I need another break but I don’t ask for one. I’m too proud. I’ll stop when he stops, but walking all day without water is hard. It only takes a couple of hours before I’m wheezing, my head spinning. An hour after that and I wish I could die. Eventually, my stomach overrides my pride and I step off the road to vomit in the ditch.
I manage to scare three birds and a little wild rabbit out of hiding with nothing but bile and pain. My stomach is officially empty.
“You good?” Bastian asks, his voice surprisingly breathless. He’s struggling too and a small, sick part of me delights in that suffering.
“Iptic,” I gasp, my hands braced on my thighs.
“I hate that word.”
“You hate everything.”
“Not everything. I’d love a cold beer if I could get one.”
I stand up straight, testing my equilibrium. It’s way off. I immediately feel like I’m going to fall over.
“You’re getting worse,” Bastian observes.
“I’m dizzy, that’s all. Give me a minute.”
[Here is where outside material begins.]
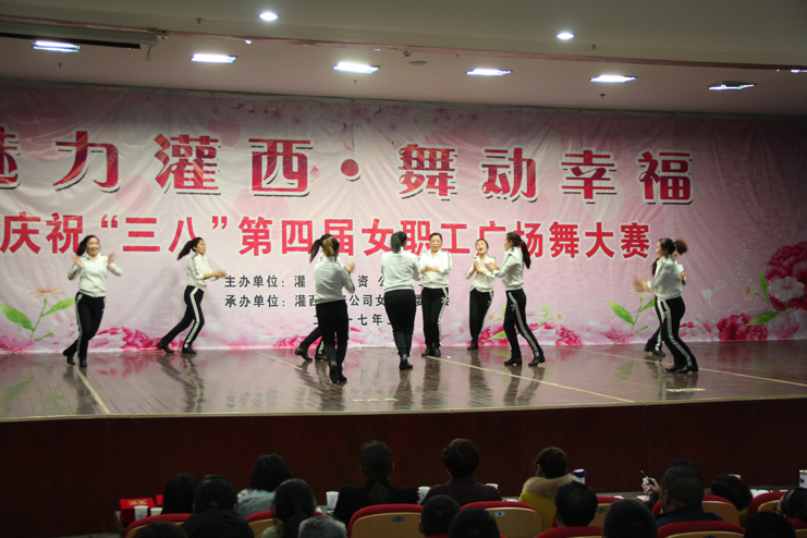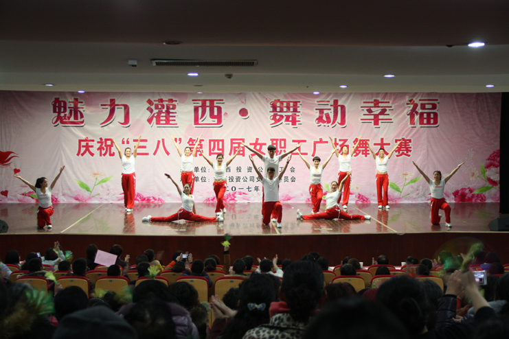 3月8日下午,灌西投資公司第四屆“魅力灌西•舞動(dòng)幸福”廣場(chǎng)舞比賽在灌云縣臨港產(chǎn)業(yè)區(qū)管委會(huì)禮堂舉行,由公司各單位的女工組成的8支代表隊(duì)參加角逐,廣大女工用婀娜的舞姿和精彩的表演慶祝國(guó)際“三八”婦女節(jié)的到來,觀看比賽的職工群眾有400余人。

We don’t have a minute. We’re standing out in the open, surrounded by fields and filthy water rushing by at a staggering pace, his enemies closing in on us with every ragged breath I take. A minute is a luxury we definitely do not have.
He gives it to me anyway.
I stare at the river, mesmerized by its frothing current. I’ve been trying to avoid it all day but when you’re marching next to it, it’s hard to miss. It’s a mess. The banks are muddied and covered in debris. Tree branches, bits of buildings, fences. Animals, distended and drowned. Cows. Pigs. Chickens. The scavenger birds will be coming for them soon. We’ll have to keep moving or they’ll mistake us for a snack.
It’s getting worse the farther east we hike. Honestly, the reason I haven’t looked at the river too closely is because I’m terrified of what I’ll find. Out here at the edge of civilization the wall of water hit farmland. There weren’t many people. But the closer we get to home, to Loire and her heavy population, the death toll will rise. Sharply.
“It’s bad, isn’t it?” I ask Bastian.
He follows my eyes to the river. His face is grim. “Yeah. It’s bad.”
“Go through it with me?”
“What do you mean?”
“Dad and I do this whenever something bad happens. We break it down together so we know all the facts. It makes it easier to deal with stuff when you’ve got it all laid out.” I breathe deep through my nose, out through my mouth. “Power will be out. Farms are flooded.”
“Crops are destroyed.”
“The grain stores in Loire are gone.”
“Washed out,” he agrees, his face surprised like he hadn’t thought of that until now. “They were on low land close to the river.”
“Floods bring disease.”
“Typhoid, cholera, malaria, yellow fever. Mosquitos will bring more. Plumbing will be worthless.”
“No fresh water,” I add.
“The sewers could back up and flood into the river. If you have an open wound, you’re dead.”